So after a long period of “coming soon”, Amazon have released the Gadgets Skill API Beta! And sticking to my previous goal of making the development of skills easier for .NET Core developers I’ve created a NuGet package to help with that.

Originally I was planning to just go straight into skill code and show how this stuff fits together, but pretty soon after releasing the Gadgets package I realised that I only get how it fits together because I’ve had to go through the documentation line by line; If you’ve come across my blog because of a random link or you’re trying to find out about Gadgets it might a strange concept to get your head around.

So this post is a quick starter for 10 about Gadgets and the concepts that you’ll be dealing with in your code, the next post is going to be the skill building itself.

That’s cool, but I know how it all works (or tl;dr)

Have at it! 🙂

For those of you who want a little more

So Alexa Gadgets are a different way for users to interact with custom Echo Skills. Currently the device that Amazon have released to show off this functionality are the Echo Buttons

These buttons come in packs of two and can be paired to an Alexa device (simply done – easy to re-pair them to other devices if, like me, you use a lot). They can then be used to add another dimension to your skills – buzzers in quizzes, or be made as puzzles themselves which the user will have to interact with – perhaps repeating a pattern or only pressing them when the button is a particular color.

Gadget support, mandatory or optional, is highlighted on your skill entry so your users won’t be surprised when your skill mentions them. And this doesn’t take away from the fact that you still need a really top notch voice experience – your customers will start and end with voice.

Now anyone who’s communicated with device in the past might be a little wary of trying to get these Bluletooth buttons to do their bidding. Don’t worry. The team at Amazon have got you covered!

Rather than writing a lot of complicated code to make these interactions happen, the Gadgets communicate with the Alexa device in a black box fashion. As skill developers, we’re given access to two new areas of development which contain new directives and requests:

  • Gadget Controller
    This allows you to alter the behavior of a particular gadget, or of all connected gadgets.

  • Game Engine
    This is a declarative way of specifying events you want to know about, and specifying the conditions under which you should be told about them.

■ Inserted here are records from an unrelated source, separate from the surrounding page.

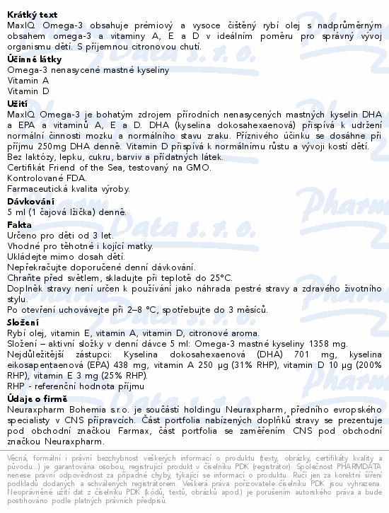 MaxIQ Omega-3 obsahuje prémiový a vysoce čištěný rybí olej s nadprůměrným obsahem omega-3 a vitaminy A, E a D v ideálním poměru pro správný vývoj organismu dětí. S příjemnou citronovou chutí.
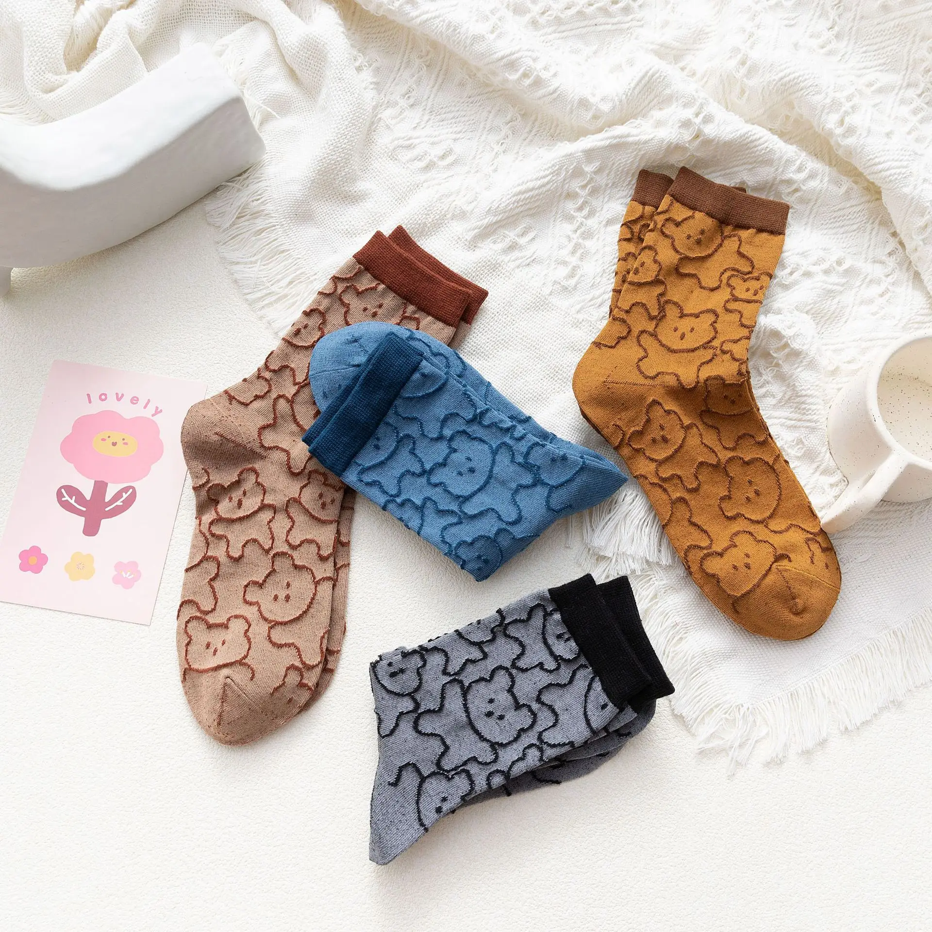 Носки женские с забавным рисунком медведя, повседневные Длинные Короткие носки до щиколотки, комплект для девочек с мультяшными животными, ...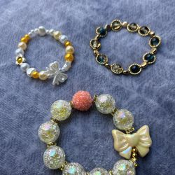 Handmade Bracelet Set Of 3 With Pearl Acrylic Crushed Glaze Beads$15Fontana, CA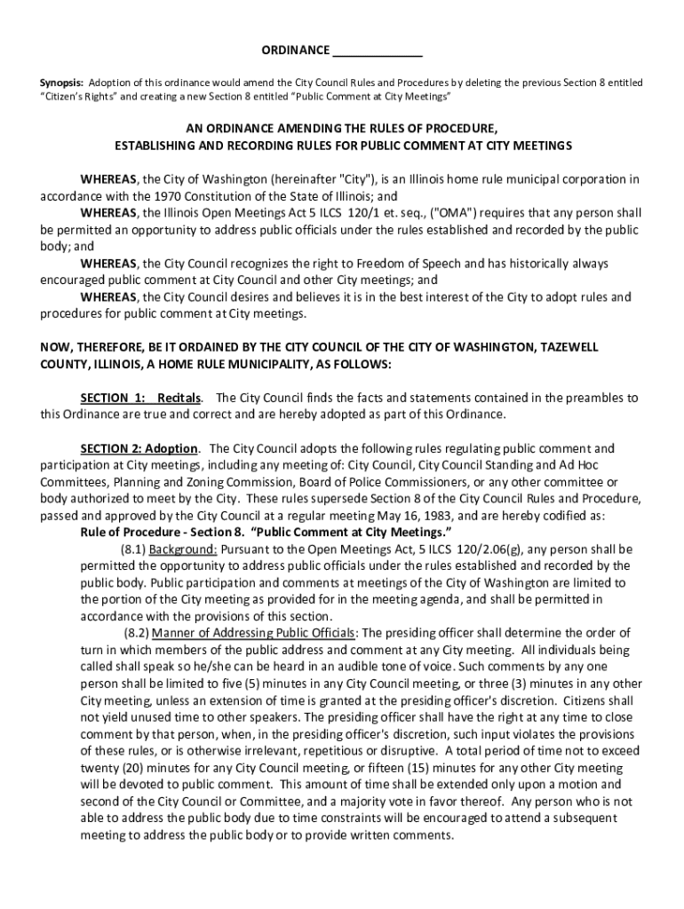 ORDINANCE Synopsis: Adoption of this ordinance would amend the City Council Rules and Procedures by deleting the previous Section 8 entitled Citizens Rights and creating a new Section 8 entitled Public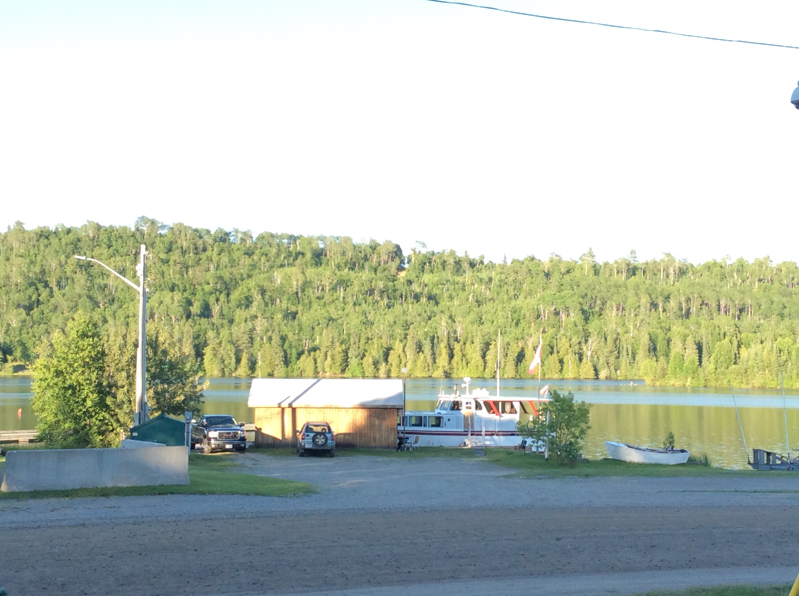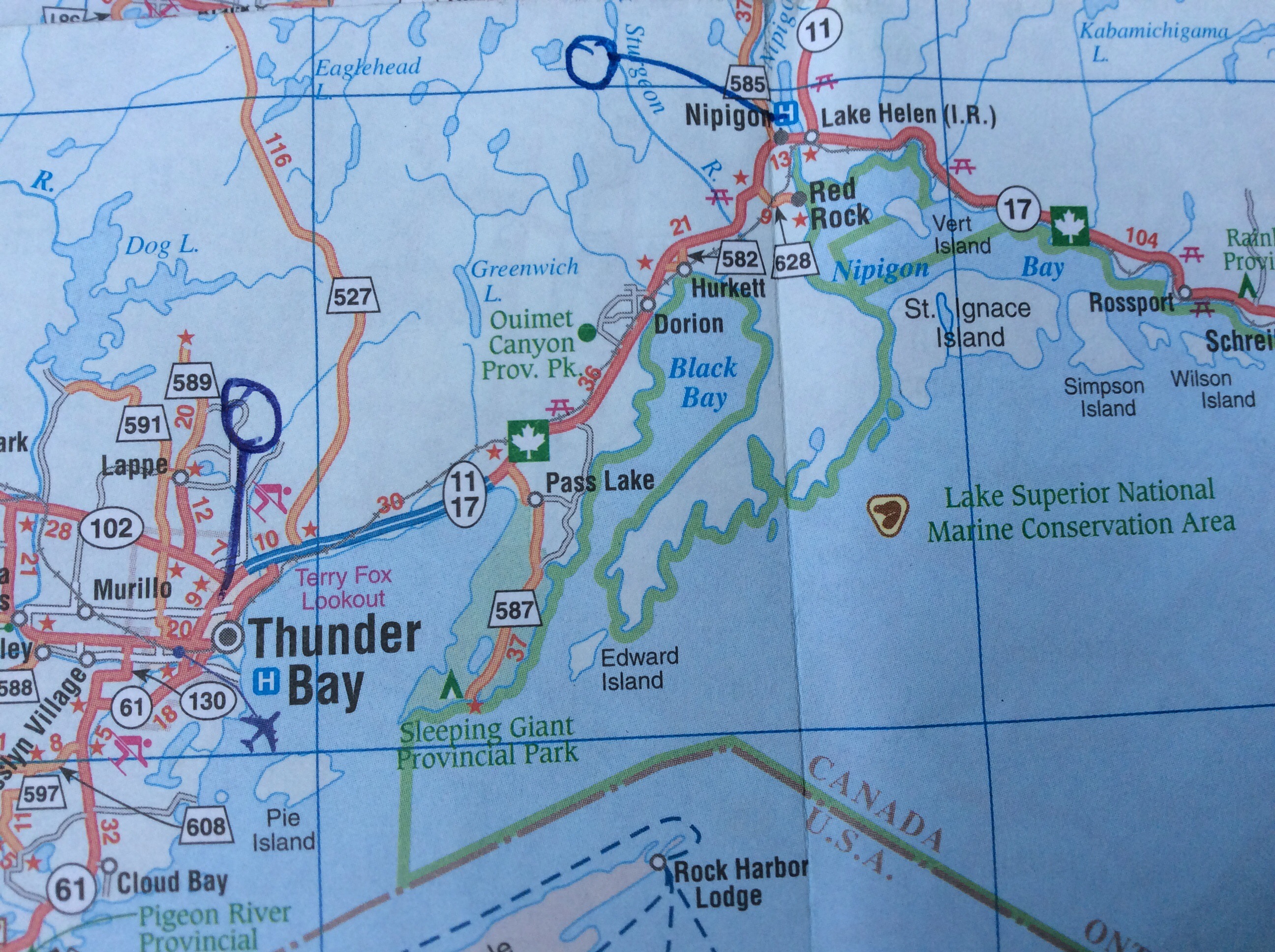 I had breakfast again with the Calgary Two after videoing a short thank-you song for Beechwood in my room, and we arranged to meet up later at the same campground in Nipigon, down by the river. I had to hang around in town to see if the bike shop (Rollin’ Thunder Bike & Ski) would open at 10am, which they did. I met Dan, the only guy working there this morning, who sorted me out with a new chain, and since I generally change the cassette at the same time we did that, and he thought my middle chainring was pretty worn, so that went too! When I thought about the amount of work these drive-chain parts have been doing over the last few weeks, pulling all my heavy pack and me over mountains and across prairies, I’m amazed there isn’t more that needs doing. He did a great job, we chatted for a while, then some regular customers appeared and we all watched the Tour de France for a while longer, stopping with 25km still to go so that they wouldn’t know the result before seeing the highlights this evening. This delay was the first of several very welcome distractions throughout the day. Everyone I spoke with had a story to tell and I was happy to take the time to hear it.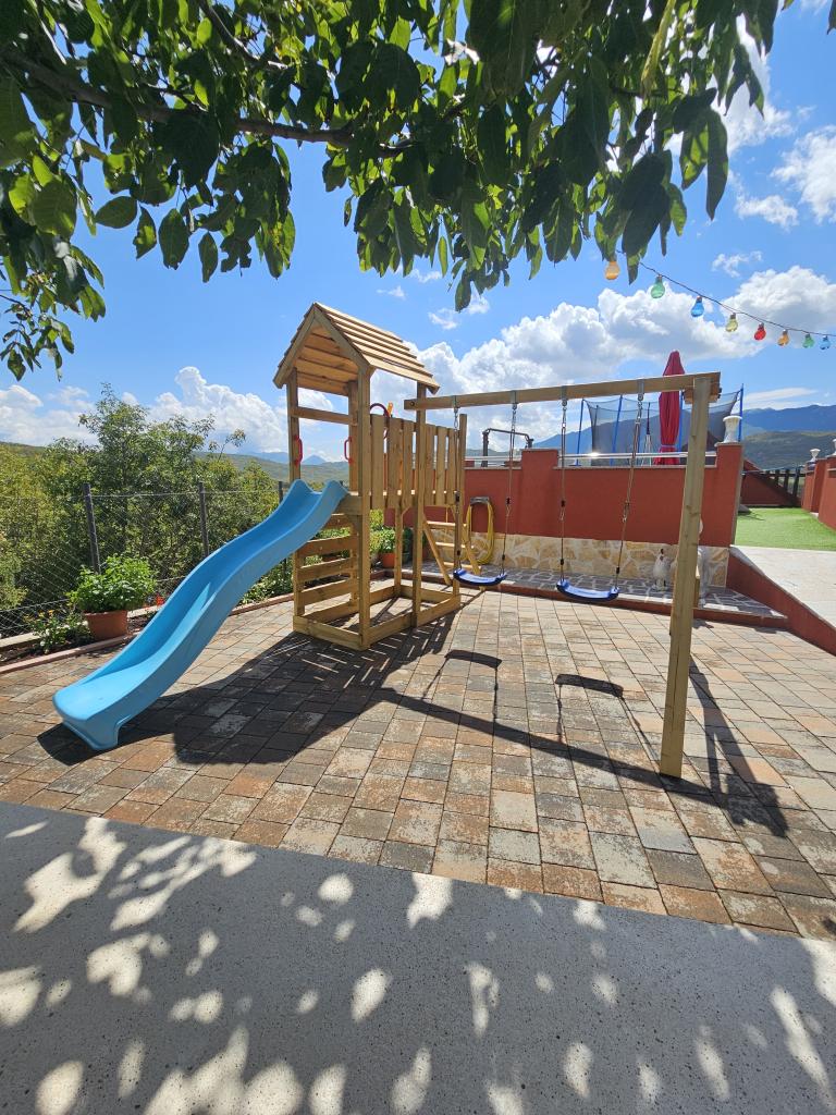 Cette spacieuse maison de vacances offrira un plaisir et une détente complets à 12 personnes. Grand jardin avec une piscine chauffée de 7x4 mètres avec massage eau et air pour le plaisir et la détente. À côté de la piscine se trouve une cuisine d'été avec une salle à manger et une salle de bain, qui comprend également un barbecue extérieur. Chaque appartement dispose de 3 chambres, de 2 salles de bains, de cuisines entièrement équipées, de salons spacieux avec téléviseurs intelligents et de balcons donnant sur la piscine et le mont Biokovo. L'offre comprend un trampoline pour les plus jeunes, un barbecue intérieur, 5 places de parking et une grande terrasse. L'unicité de cette propriété réside dans le fait que la maison est située dans une zone isolée, vous pouvez donc être sûr que vous profiterez d'une intimité totale. L'emplacement de la maison est excellent car elle se trouve à 25 minutes en voiture de la mer Adriatique, à 10 minutes en voiture des commerces, cafés et restaurants. Les villes de Makarska, Imotski, Split, Omiš, Međugorje, Makarska et d'autres endroits attrayants se trouvent à moins de 20 minutes à 1 heure de route de chez nous. L'entrée de l'autoroute est à 9 km.

If you want the full description of everything these two areas can handle – then that’s why Amazon have such amazing documentation and I’d highly recommend having a look. But if browsing documentation isn’t your idea of fun (it’s actually really good) then here’s my two cents.

Gadget Controller

Amazon documentation for Gadget Controller Interface
Start off with the easier of the two. With there only being one main Gadget at the moment this section is one where I can see a lot of growth, but right now contains a single Directive: SetLight

I really am trying to write no code in this article – but it does exactly what it says on the tin. Each gadget that connects to your skill has a unique ID – and you can either use that to set the color of the light within the button, or by omitting an ID it will broadcast the request to all the attached devices.

When I say “set the color”, it sounds like a really straight forward process – but I don’t mean “set red”, “set green” – although you can if you want. But no – this is a clean process of specifying absolute hex colors, and not just static colors but patterns of different colors that can flick from one to another or blend into each other over time.

For what is a simple statement, Amazon have really thought about the amount of control they want you to have and given it to you in a consumable way from the very start.

Game Engine

Amazon Documentation for Game Engine Interface
Okay – so you can control your device color. That’s great. My button is changing to different colors in front of my user. How do I know what they’re doing? Well – by using Game Engine alongside Game Controller.

I think what can get lost within the complexity (and it can be complex) of the Game Engine directives is its fundamental purpose. So let me make it clear

Game Engine is there to let you know when your gadget does stuff

Another simple statement. But let me be clear – I don’t mean it’s there to tell you the user pressed the button, and send you a bunch of data that you are forced to interpret. It does, and you can, but that’s only under advanced scenarios – most of the time all you want is the friendly name you give that scenario, enough to know it happened.

You want to know your user pressed a button? Or that they didn’t press anything in the time you gave them?

You want to know that your user pressed the button 10 times and only when it was flashing green?

Your user has four buttons attached, and each is pressed in turn matching the sequence you just sent them?…you get the idea.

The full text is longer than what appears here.